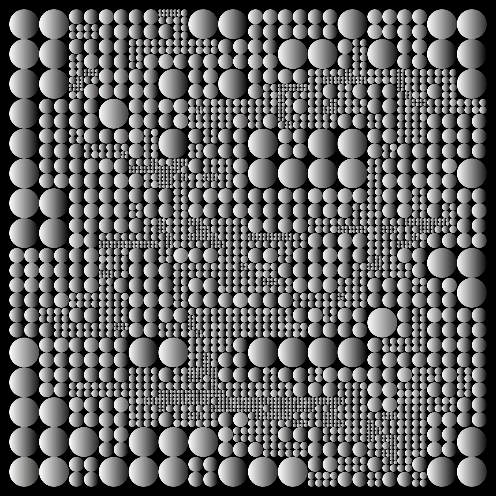 This is a black and white photo of a pattern made up of many circles. These circles are arranged in various sizes, shapes, and orientations throughout the entire frame. Some circles are larger and more prominent, while others are smaller and less noticeable. The overall effect creates an intricate and visually engaging design that captures the viewer's attention. This pattern could be used for a variety of purposes such as wallpaper, fabric, or even as part of a decorative piece in a room.
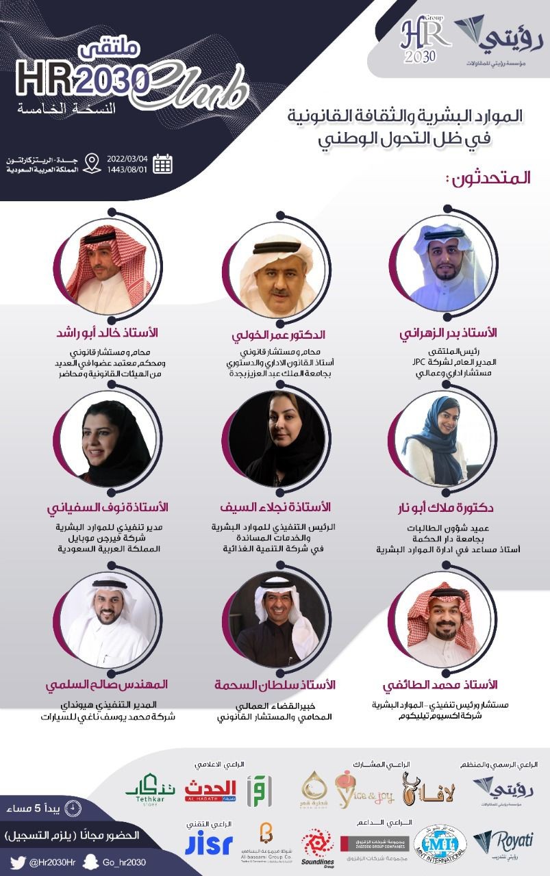 تشهد محافظة جدة  الجمعة القادمة إنطلاق ملتقي HR2030 CLUB في نسخته الخامسة بفندق الريتز كارلتون تحت عنوان " الموارد البشرية والثقافة القانونية في ظل التحول الوطني " .
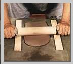 先在陶土下垫一块布,用手掌将粘土丘扁。然后在粘土的两端各放置一和所需泥板厚度等厚的木条,用摊面棍前后滚压,直至压到和木条厚度相同为止。适于制作较大面积的泥板。 | |
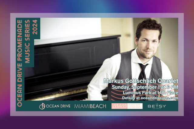 Join us on Ocean Drive on September 1st for a free performance from pianist Markus Gottschlich as part of the Ocean Drive Promenade Music Series, a free, weekly concert series presented by the Ocean Drive Association.
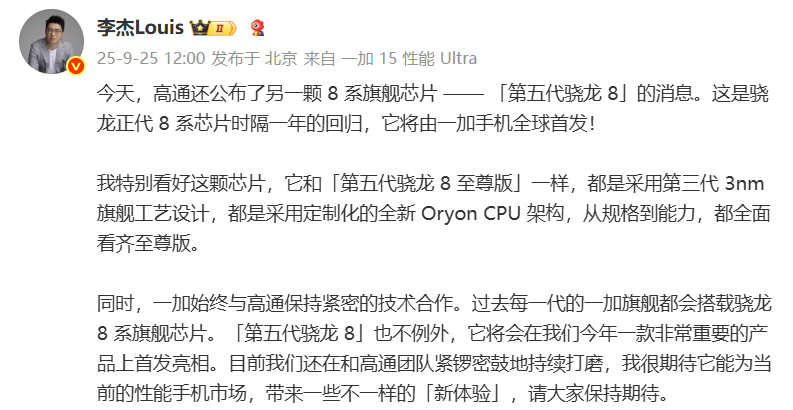9月25日,2025骁龙峰会圆满落幕,骁龙双8系双旗舰矩阵正式启用。作为旗舰双子星之一的第五代骁龙8移动平台(下称“骁龙8 Gen5”)首次亮相,一加手机官宣全球首发,性能新旗舰将于年内登场。
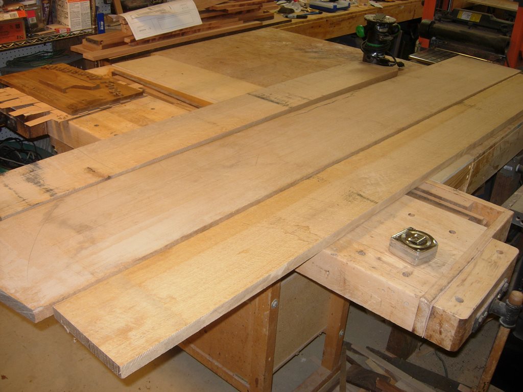 I acquired some air-dried, 5/4 thick, quarter-sawn white oak for the purpose. The boards were roughly 8′ long, so I cut them all in half to make them manageable.
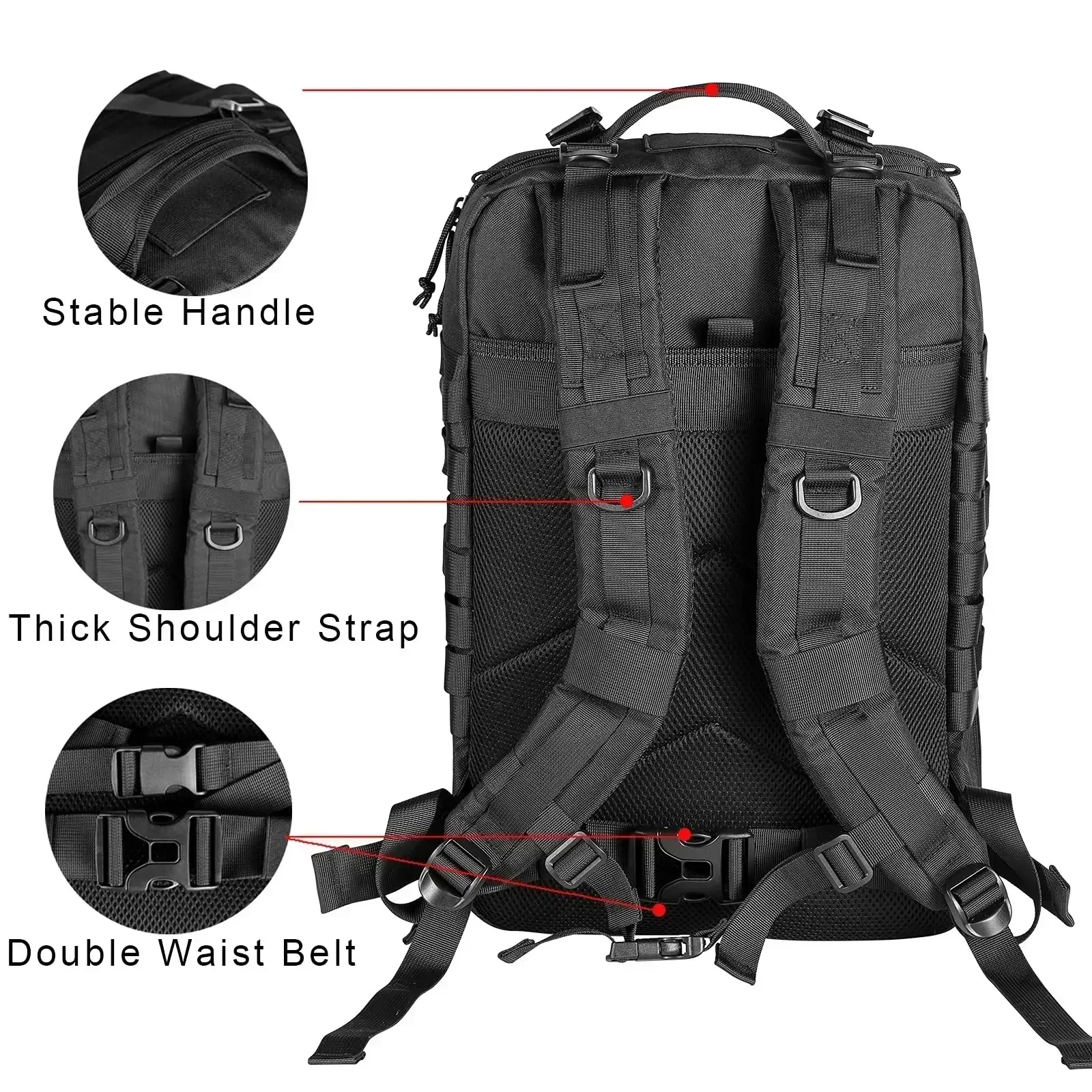 • MOLLE System :The MOLLE system allows you to attach additional gear to the backpack, enhancing its functionality and convenience.
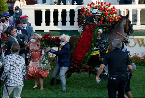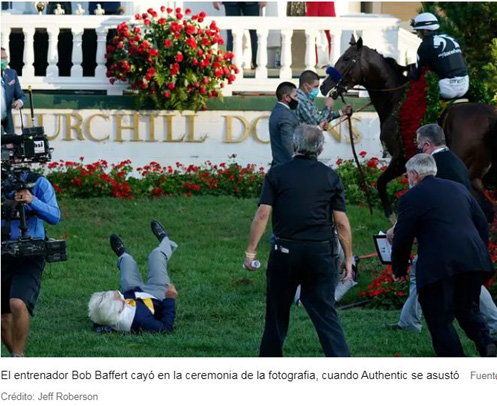 Al momento de la tradicional foto alrededor del caballo, Authentic se asustó cuando le pusieron la guirnalda de 554 rosas rojas para los ganadores de esta carrera y, con demasiada gente alrededor, el movimiento terminó con algunos allegados por el piso. Baffert fue uno de ellos, piernas para arriba, y fue ayudado a reincorporarse mientras Velázquez serenaba al caballo. Incluso tras la carrera, el Kentucky Derby seguía dando patadas.
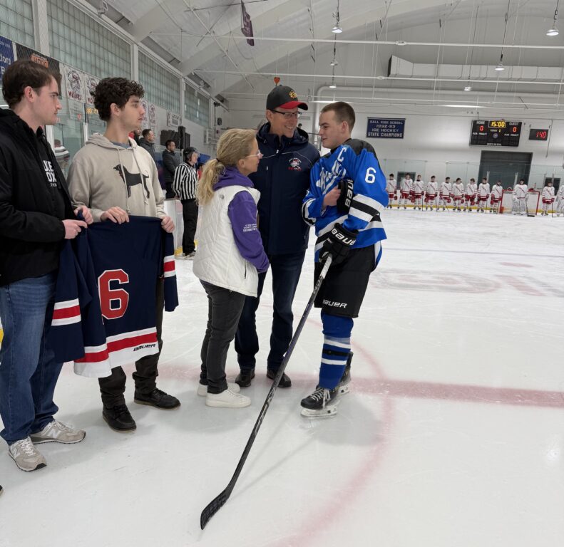 The 2025 Luke Roux Memorial Award, which includes a $500 scholarship, was presented to Connor McHugh from Hall High School, in recognition of their passion for the game of hockey and for life. The recipient is chosen by the program coaching staff.
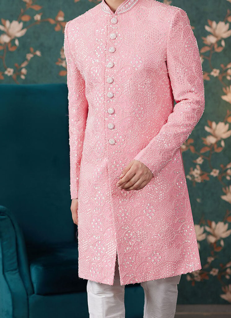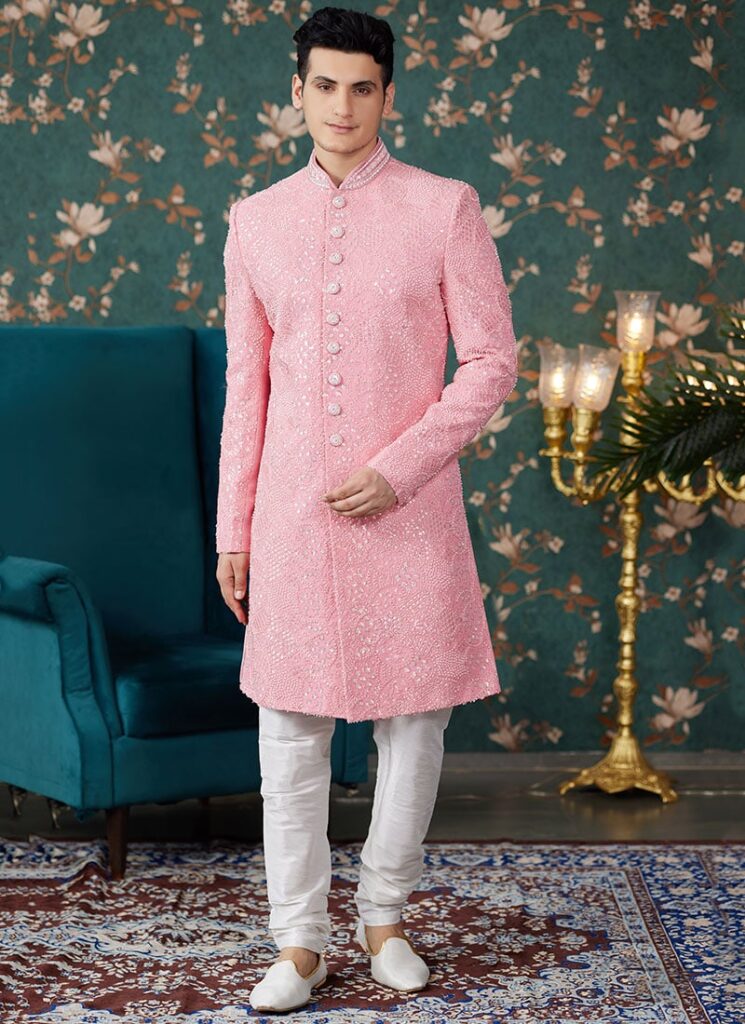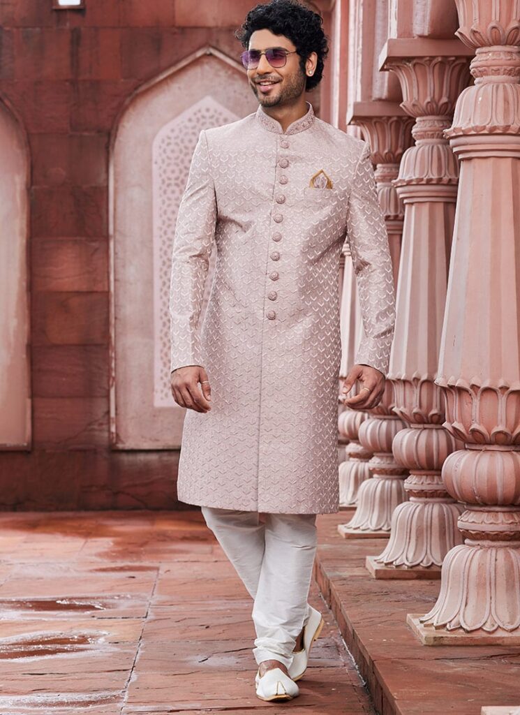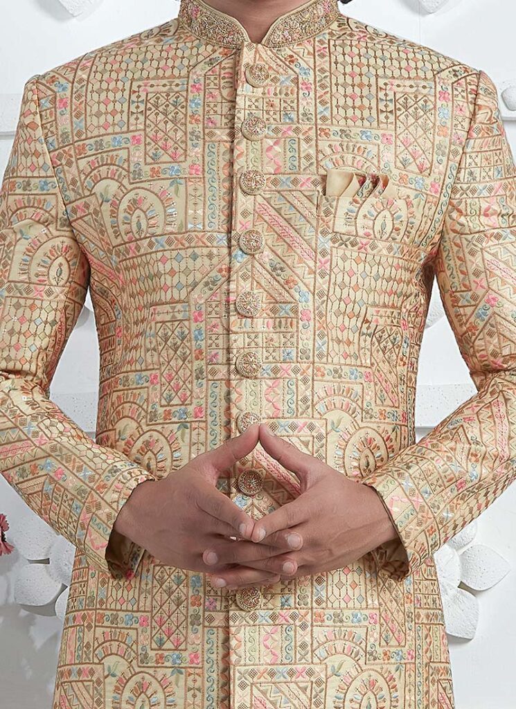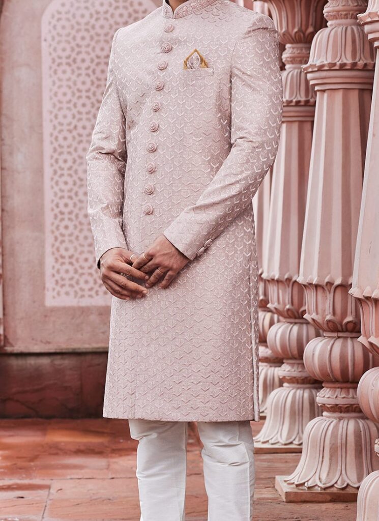 Explore regal sherwani for men in India at Utsarah, perfect for weddings and festive occasions. Our collection includes classic and modern sherwani designs in premium fabrics such as silk, jacquard, brocade, velvet, and blends. Skilled artisans add intricate embroidery, zari work, and textured patterns for a refined, stylish look. Each sherwani offers a comfortable fit and a distinguished appearance. Ideal for weddings, receptions, festivals, and ceremonies, these sherwanis combine traditional craftsmanship with contemporary elegance. Shop Utsarah sherwanis to make a lasting impression at every celebration.

> [Task to carry out]: No picture belongs in the answer; the rest of the records must be repeated exactly.

> [Result]:
 This is a black and white photo of a pattern made up of many circles. These circles are arranged in various sizes, shapes, and orientations throughout the entire frame. Some circles are larger and more prominent, while others are smaller and less noticeable. The overall effect creates an intricate and visually engaging design that captures the viewer's attention. This pattern could be used for a variety of purposes such as wallpaper, fabric, or even as part of a decorative piece in a room.
 تشهد محافظة جدة  الجمعة القادمة إنطلاق ملتقي HR2030 CLUB في نسخته الخامسة بفندق الريتز كارلتون تحت عنوان " الموارد البشرية والثقافة القانونية في ظل التحول الوطني " .
 先在陶土下垫一块布,用手掌将粘土丘扁。然后在粘土的两端各放置一和所需泥板厚度等厚的木条,用摊面棍前后滚压,直至压到和木条厚度相同为止。适于制作较大面积的泥板。 | |
 Join us on Ocean Drive on September 1st for a free performance from pianist Markus Gottschlich as part of the Ocean Drive Promenade Music Series, a free, weekly concert series presented by the Ocean Drive Association.
9月25日,2025骁龙峰会圆满落幕,骁龙双8系双旗舰矩阵正式启用。作为旗舰双子星之一的第五代骁龙8移动平台(下称“骁龙8 Gen5”)首次亮相,一加手机官宣全球首发,性能新旗舰将于年内登场。
 I acquired some air-dried, 5/4 thick, quarter-sawn white oak for the purpose. The boards were roughly 8′ long, so I cut them all in half to make them manageable.
 • MOLLE System :The MOLLE system allows you to attach additional gear to the backpack, enhancing its functionality and convenience.
 Al momento de la tradicional foto alrededor del caballo, Authentic se asustó cuando le pusieron la guirnalda de 554 rosas rojas para los ganadores de esta carrera y, con demasiada gente alrededor, el movimiento terminó con algunos allegados por el piso. Baffert fue uno de ellos, piernas para arriba, y fue ayudado a reincorporarse mientras Velázquez serenaba al caballo. Incluso tras la carrera, el Kentucky Derby seguía dando patadas.
 The 2025 Luke Roux Memorial Award, which includes a $500 scholarship, was presented to Connor McHugh from Hall High School, in recognition of their passion for the game of hockey and for life. The recipient is chosen by the program coaching staff.
 Explore regal sherwani for men in India at Utsarah, perfect for weddings and festive occasions. Our collection includes classic and modern sherwani designs in premium fabrics such as silk, jacquard, brocade, velvet, and blends. Skilled artisans add intricate embroidery, zari work, and textured patterns for a refined, stylish look. Each sherwani offers a comfortable fit and a distinguished appearance. Ideal for weddings, receptions, festivals, and ceremonies, these sherwanis combine traditional craftsmanship with contemporary elegance. Shop Utsarah sherwanis to make a lasting impression at every celebration.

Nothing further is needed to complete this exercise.